Pertanyaan:

Apakah hukum ridha terhadap qadar? semoga Allah menjadikan anda, demikian pula dengan ilmu yang anda miliki berguna (bagi umat).

Jawaban:

Ridha terhadap qadar adalah wajib hukumnya karena ia merupakan bentuk kesempurnaan ridha terhadap rububiyyah Allah. Karenanya, wajib bagi setiap Mukmin untuk ridha terhadap qadha Allah. Akan tetapi, sesuatu yang sudah di qadha (diputuskan oleh Allah terjadi) inilah yang perlu dirinci lebih lanjut; yaitu bahwa sesuatu yang sudah diqadha tidak sama dengan posisi qadha itu sendiri sebab qadha adalah perbuatan Allah sementara sesuatu yang telah diqadha adalah hasil dari perbuatan Allah tersebut. Qadha yang merupakan perbuatan Allah, wajib kita ridhai dan tidak boleh sama sekali dalam kondisi apapun menggerutu (dongkol) terhadapnya.

Sementara sesuatu yang diqadha itu terbagi kepada beberapa jenis:

Pertama, sesuatu yang wajib diridhai

Kedua, sesuatu yang haram diridhai

Ketiga, sesuatu yang dianjurkan untuk diridhai

Sebagai contoh, perbuatan maksiat merupakan sesuatu yang sudah diqadha oleh Allah akan tetapi ridha terhadap perbuatan mak-siat adalah haram meskipun terjadi atas qadha Allah. Siapa yang memandang kepada perbuatan maksiat dari aspek qadha yang merupakan perbuatan Allah, maka wajib baginya untuk ridha dan berkata, “Sesungguhnya Allah subhanahu wa ta’ala Maha Bijaksana, andaikata bukan karena hikmah (kebijaksanaanNya) terhadap hal ini, tentu itu tidak akan terjadi.” Sedangkan dari aspek sesuatu yang sudah diqadha, yaitu ia sebagai perbuatan maksiat terhadap Allah, maka wajib bagi anda untuk tidak meridhainya. Wajib pula bagi anda untuk berusaha menghilangkan perbuatan maksiat ini dari diri anda atau dari selain anda.

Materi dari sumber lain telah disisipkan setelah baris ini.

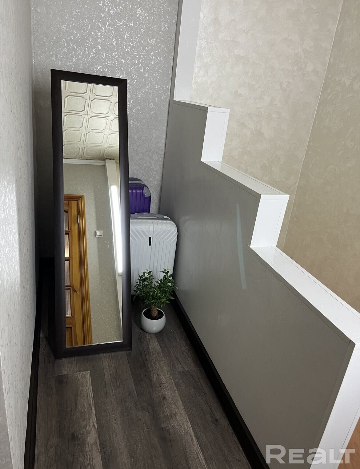 У кватэры частковы рамонт. На першым паверсе ў жылых пакоях на падлозе плітка, ламінат. Сцены выраўнаваны, абклееныя шпалерамі. Столі нацяжныя. На другім паверсе просты рамонт. У інтэр’еры пераважна выкарыстоўвалі чорныя, шэрыя і жоўтыя колеры. У гасціную з тэлевізарам вядзе арка.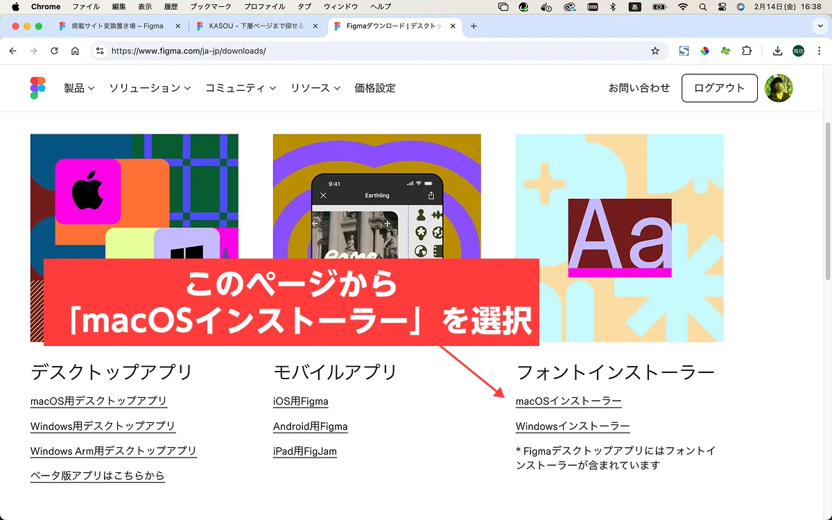- フォントインストーラーから「macOSインストーラー」を選択 (macの場合)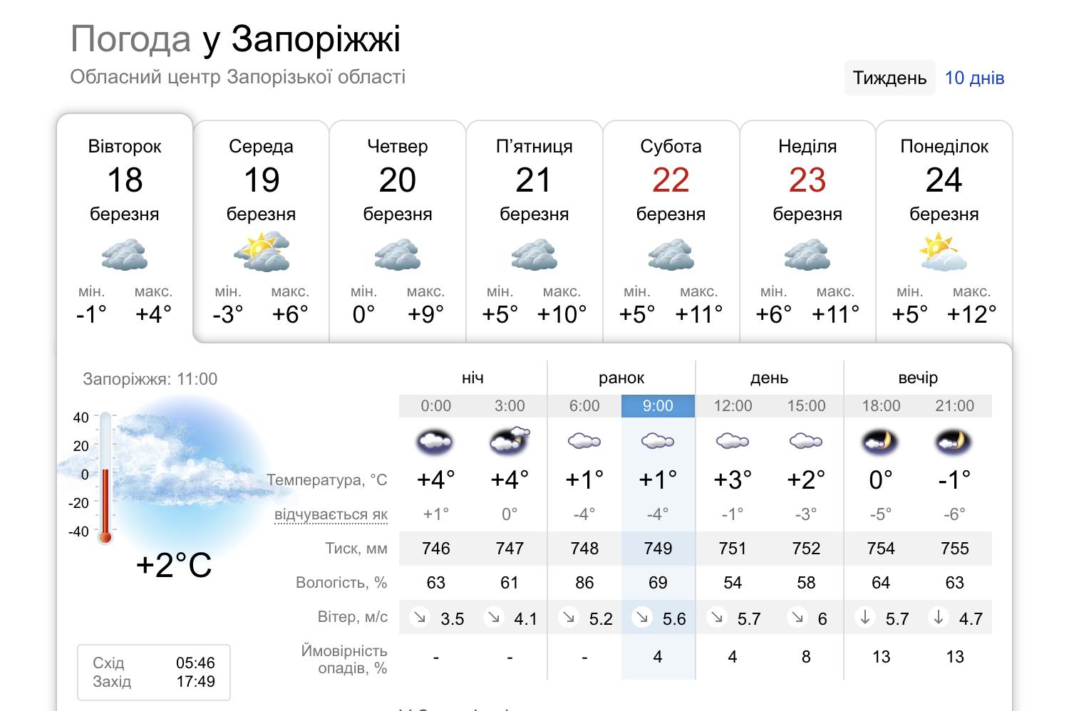После нескольких дней прохладной погоды в Запорожье синоптики прогнозируют потепление. Согласно актуальному прогнозу, уже с четверга, 20 марта, температура начнет постепенно расти. Если 18 и 19 марта еще будет наблюдаться минусовая температура ночью, то с 20 числа минимальная температура уже не будет опускаться ниже нуля, а днем столбик термометра поднимется до 9°C.

Sedangkan jenis sesuatu yang sudah diqadha tetapi wajib di-ridhai hukumnya sama dengan sesuatu yang wajib secara syar’i sebab Allah telah memutuskannya secara kauni dan syariat. Karenanya, wajib meridhainya dari aspek ia sebagai qadha dan ia sebagai sesuatu yang sudah diqadha.

Jenis ketiga yang dianjurkan untuk diridhai dan wajib bersabar atasnya adalah berupa musibah-musibah yang sudah terjadi. Musibah yang sudah terjadi, dianjurkan untuk ridha terhadapnya, bukan wajib, menurut mayoritas ulama, akan tetapi yang wajib adalah bersabar atasnya. Jadi, perbedaan antara sabar dan ridha, bahwa sabar bersumber dari ketidaksukaan manusia terhadap suatu kejadian akan tetapi dia tidak boleh melakukan sesuatu yang bertentangan dengan syariat dan menafikan kesabaran itu. Sedangkan ridha, tidak bersumber dari ketidaksukaan seseorang terhadap suatu kejadian. Artinya, baginya sama saja, apakah sesuatu itu sudah terjadi atau belum terjadi. Dari sini, jumhur ulama mengatakan, ‘Sesungguhnya sabar itu wajib hukumnya sedangkan ridha itu hanya dianjurkan‘.

Kumpulan Fatwa yang Diedit Oleh Asyraf Abdul Maqshud, Juz I, hal. 60-61.